Unfortunately, there are some killjoys out there who persist in whining that the Super Bowl halftime show is overlong, overblown and so schmaltzy as to be virtually unwatchable.

Oh, like everything else we do in this country is understated? Like the Clinton inauguration was a model of restraint and good taste?

What the hell was that deal they threw for Clinton at the Capital Centre? Barry Manilow, Michael Bolton, Barbra Streisand singing the terminally sappy "Evergreen" . . . can it get any worse than that?

I kept waiting for the Bee Gees to jump on stage and break into "Stayin' Alive" -- at which point I fully intended to jot down a few final thoughts, stick my head in the oven and turn on the gas.

Then there was creepy Michael Jackson, who is looking more and more like a young Lena Horne, prancing about and spewing some nonsense about how Clinton could heal the world.
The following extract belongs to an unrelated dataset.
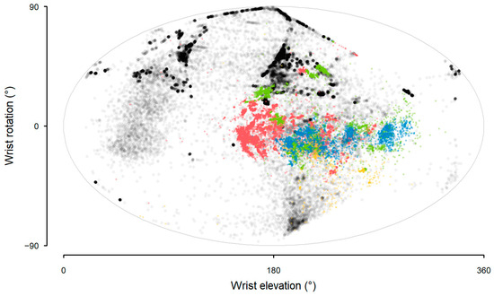 Aitoff projection of wrist elevation and wrist rotation from the wrist sensor data during sling non-wear (black with transparency) and sling wear categorised by predicted arm posture during sling wear: neutral (blue), forward flexion (red), side abduction (yellow), and external rotation (green).
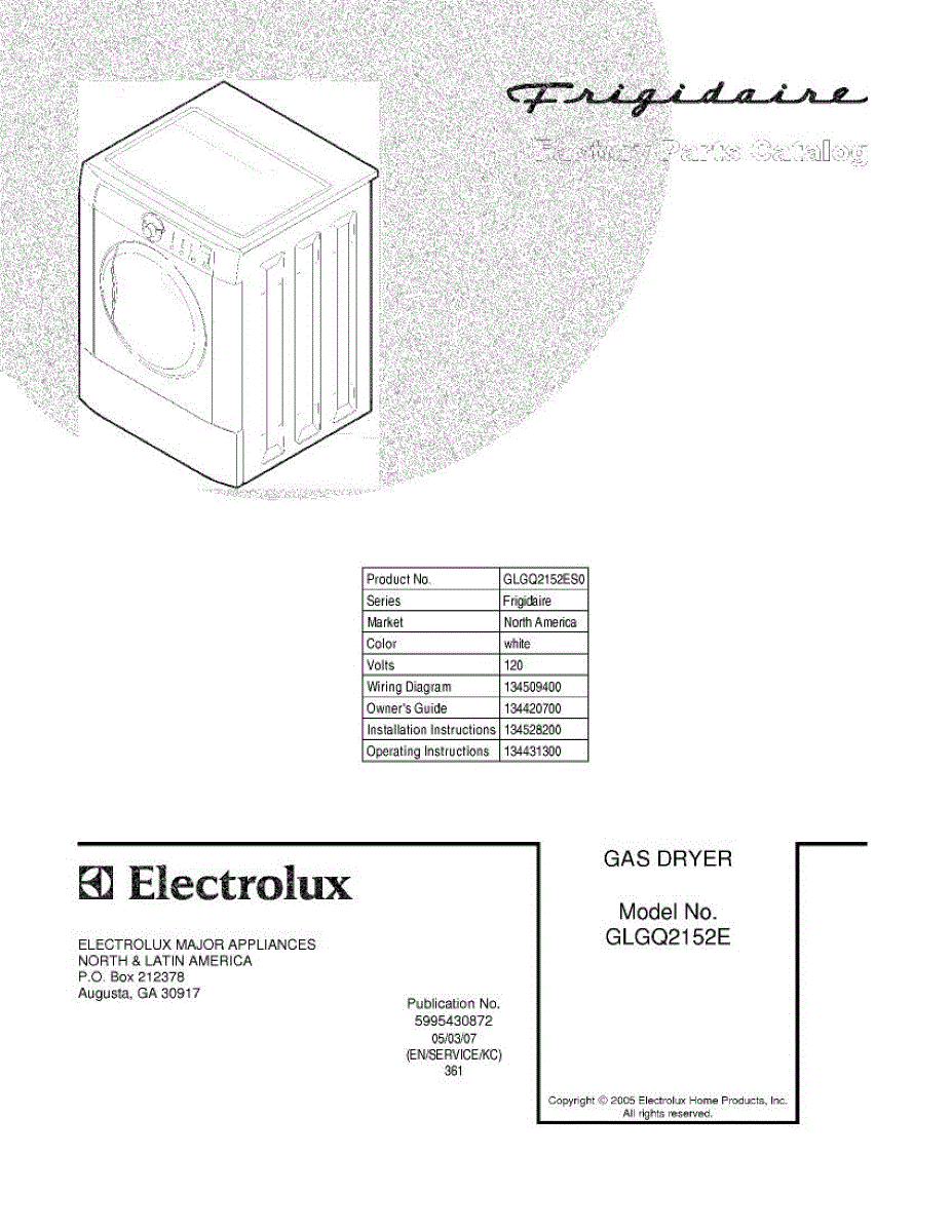 Parts for Frigidaire GLGQ2152ES0: 01 - Cover Parts

Then (just as I began warming up the oven again) came the grand finale, featuring Bill Clinton, VP and future showroom mannequin Al Gore and their families on stage rocking out as Fleetwood Mac sang the supremely annoying "Don't Stop (Thinking About Tomorrow)."

Lordy! So let's not hear any more nonsense about the halftime show being excessive.

Besides, the Super Bowl is supposed to be excessive, especially when it comes to bad taste.

Veteran sportswriters still talk about the time quarterback Jim Plunkett, then with the Oakland Raiders, was surrounded by a mob of TV and press people at a pre-Super Bowl interview session.

Most of the questions were typically banal, ranging from the what's-it-gonna-take-to-beat-the-other-team type to the what's-your-favorite-rock-group type.

Plunkett's eyes glazed over. For several minutes, he appeared to have entered a state of hyper-sleep.

Suddenly one of the writers, glancing at his notes, shouted: "Jim, help me out here. Is it your father who's blind and your mother who's deaf, or vice versa?"

Well. This was a new low, even for the media, many of whom are thought to have tiny horns growing out of the tops of their heads.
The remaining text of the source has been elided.